Photography Asked on December 14, 2020
Since more then ten years I use exiftran
to rotate images after getting them from the camera.
Is this step still needed today?
Don’t browsers and other image apps rotate the image correctly without running exiftran on the files.
Background on exiftran (from the exiftran man
page):
exiftran is a command line utility to transform digital image
jpeg images. It can do lossless rotations like jpegtran, but unlike
jpegtran it cares about the EXIF data: It can rotate images
automatically by checking the exif orientation tag, it updates the
exif information if needed (image dimension, orientation), it also
rotates the exif thumbnail. It can process multiple images at once.
Since more then ten years I use
exiftran
to rotate images after getting them from the camera. Is this step still needed today?
Yes.
Don't browsers and other image apps rotate the image correctly without running
exiftran
on the files.
No.
As stated by @junkyardsparkle:
I personally still experience occasional pain from discovering that the actual orientation of an image wasn't what it appeared to be, so I try to eliminate the discrepancy in my files as much as possible.
And noted by @AK:
There can be errors (e.g. the camera doesn't record the correct orientation on a particular shot.)
Also, often, images can become separated from their Exif data. Or images can be saved rotated, but the Exif not updated. Or multiple programs may treat the rotation flag differently resulting in different orientations being displayed.
The best way to minimize surprises and maximize interoperability is to use exiftran
to rotate the images. It can be scripted to auto-rotate all files at import.
Correct answer by xiota on December 14, 2020
UPDATE: It looks like you don’t need anymore to physically rotate your pictures with Firefox/Opera/Chromium in Linux. For instance it did not work with Chromium Version 73.0 but it does with Chromium Version 83.0. I have reconsidered the scripts I use to put my pictures online and found that the reason why it didn’t work was a call to ImageMagick’s "mogrify -auto-orient" which I used to resize the original image for web usage. Now I call mogrify without this option and I have no problem in recent browsers, as long as the orientation provided by you camera is OK of course, which is usually the case. So normally you don’t need exiftran nor jpegtran nor exifautotran anymore. Period.
OBSOLETE: AFAIK image rotation is still needed in 2020 in browsers but jpegtran does the job quite as well as exiftran. jpegtran keeps all tags as long as the "-copy all" option is used, which is not brand new: it has been possible since version 6b of libjpeg, released 27 March 1998. If you always require tag/marker conservation, you can use an alias:
alias jpegtran='jpegtran -copy all'
You can also keep comments only using "jpegtran -copy comments". In place editing is not supported with jpegtran but of course this is a no-brainer as well. You can also use exifautotran which performs the automatic adjustment.

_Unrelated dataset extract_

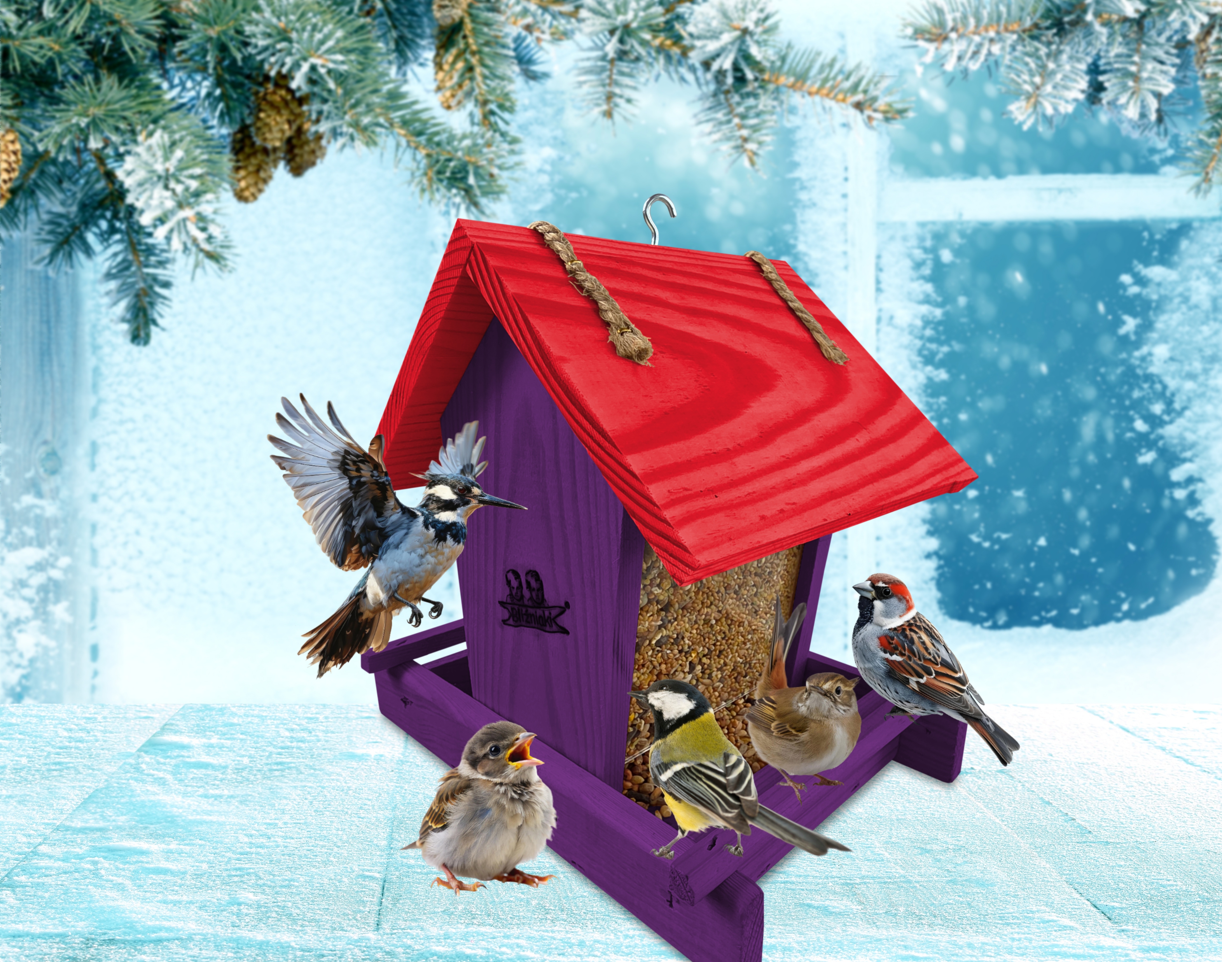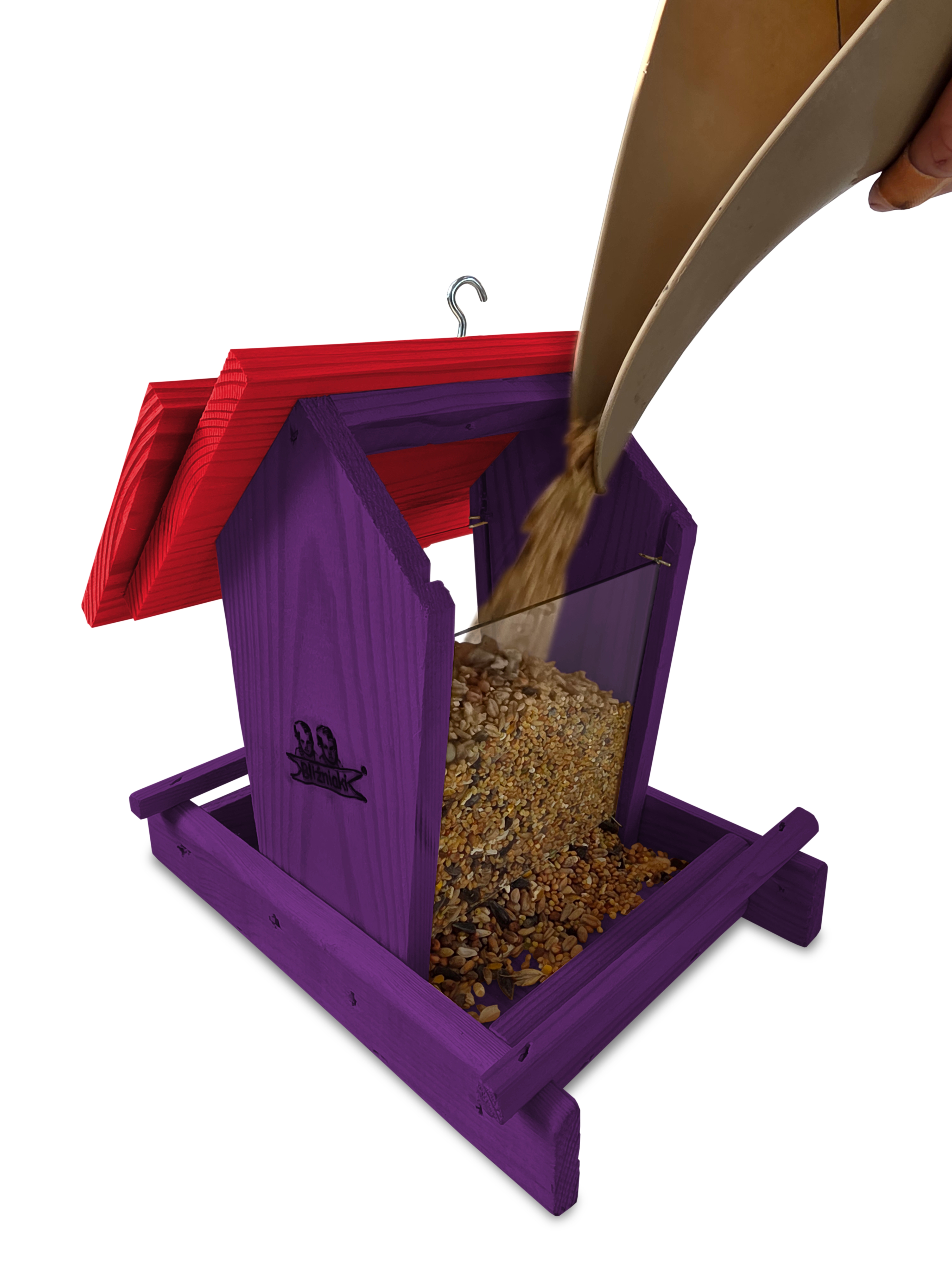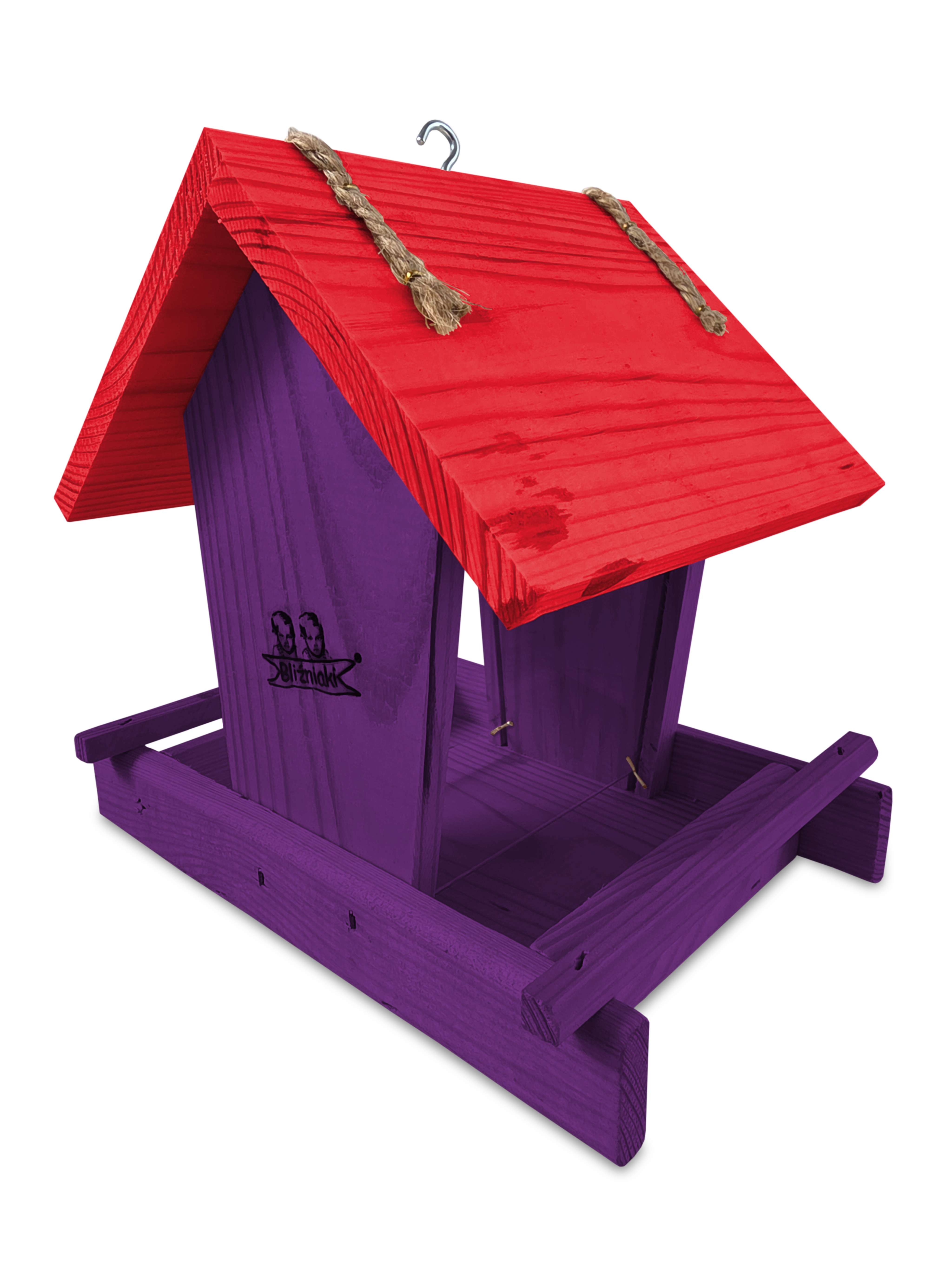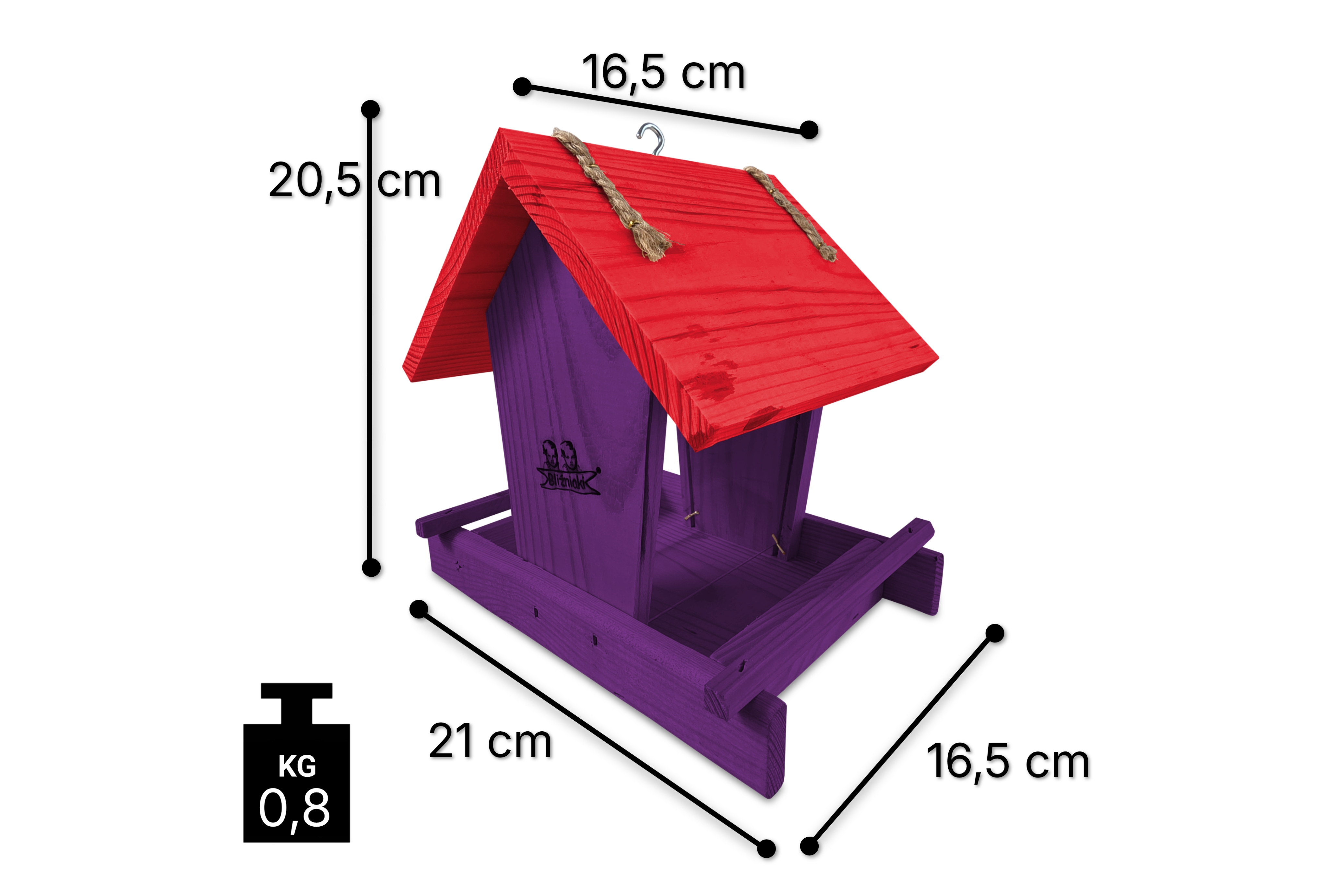 - Karmnik wykonany jest w całości z drewna iglastego, KOLOR CIEMNY FIOLET Z CZERWONYM DACHEM

So IMHO you just don’t need to install exiftran, which is a separate program, and just use jpegtran, which is bundled with libjpeg.
P.S. It is not nice to spread misinformation to deprecate the competitors ;-)
Answered by Alexandre Oberlin on December 14, 2020
Not all of my cameras are happy with pictures rotated on the computer and refuse to display them at all or at least using the same way of displaying them that they'd do when presented with a changed rotation flag. So at least on the memory cards, any manipulation of rotation has to be done in-camera for best results, and that only affects the rotation flag rather than the data.
If viewing programs could be taught to do rotation for memory cards from a particular camera in a particular way (and for some cameras, only by meddling with the rotation flags), fixing rotation on the memory cards could be done on the computer rather than on the camera.
Most software I work with, in contrast, has no problems properly interpreting the rotation flags. So my take on using exiftran
these days is that its use is downright detrimental, at least on the original media. Admittedly my cameras tend to be a lot older than the software on my computer: that may play into it.